How to solve sin(x/2) = 1 - cos x? I know you would use the half angle identity sin(x/2) = +-(√1 - cos x/2), just don't know what to do from there.
To solve the equation sin(x/2) = 1 - cos(x), you can indeed start by using the half angle identity for sine:
sin(x/2) = ±√(1 - cos(x))/2
Let's take the positive square root for now:
sin(x/2) = √(1 - cos(x))/2
To proceed, we can square both sides of the equation to eliminate the square root:
(sin(x/2))^2 = (√(1 - cos(x))/2)^2
Simplifying further:
sin^2(x/2) = (1 - cos(x))/4
Now, let's use the identity sin^2(x/2) = (1 - cos(x))/2:
(1 - cos(x))/2 = (1 - cos(x))/4
To continue, we can cross-multiply:
2(1 - cos(x)) = 1 - cos(x)
Expanding and rearranging the equation:
2 - 2cos(x) = 1 - cos(x)
2cos(x) - cos(x) = 1 - 2
Combining like terms:
cos(x) = -1
Now we have found the value of cos(x).
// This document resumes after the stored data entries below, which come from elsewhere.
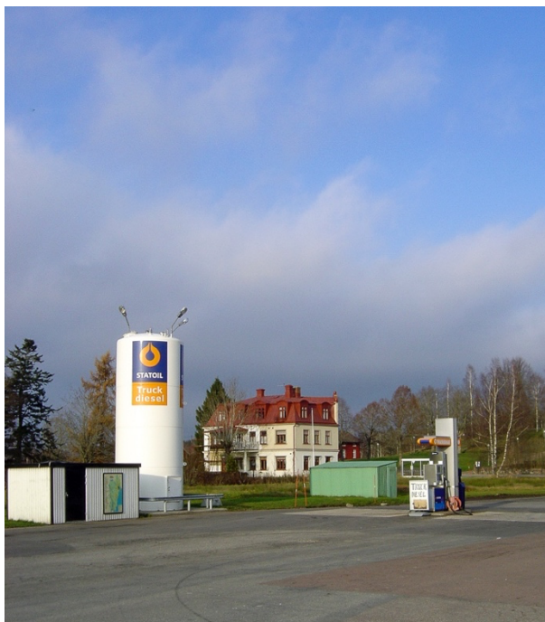
Nya Slängom som huset ser ut idag.

...när väggarna var murade rådde Olof Knape 4 , svåger till min far, att han borde lägga på ännu ett plan, det skulle proportionsvis kosta så lite, och så blev det. Teglet till bygget slogs av lera nere vid älven (Vitalandaån). Fördjupningen efter lertakten använde vi pojkar senare som lägerplats vid kräftfiske. Vi låg då runt en lägereld nere i gropen.
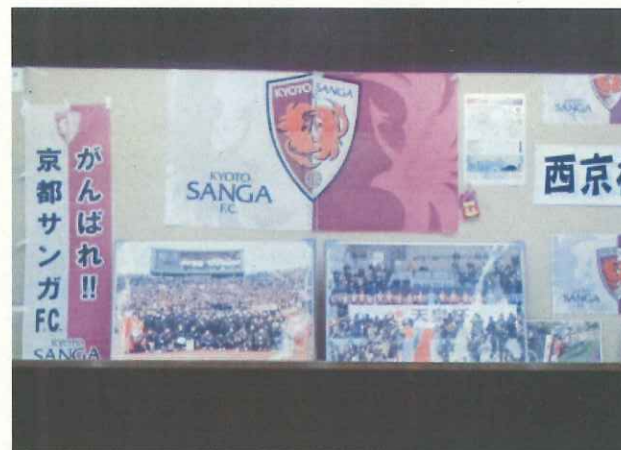
クラブショップ・ミュージアム イメージ
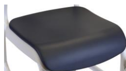
4507-1012, setelukk Nielsen Line

To find the value of x, we need to consider the range of the cosine function, which is [-1, 1].
In this case, cos(x) is equal to -1, which implies that x is an odd multiple of π:
x = (2n + 1)π, where n is an integer.
Therefore, the solution to the equation sin(x/2) = 1 - cos(x) is x = (2n + 1)π, where n is an integer.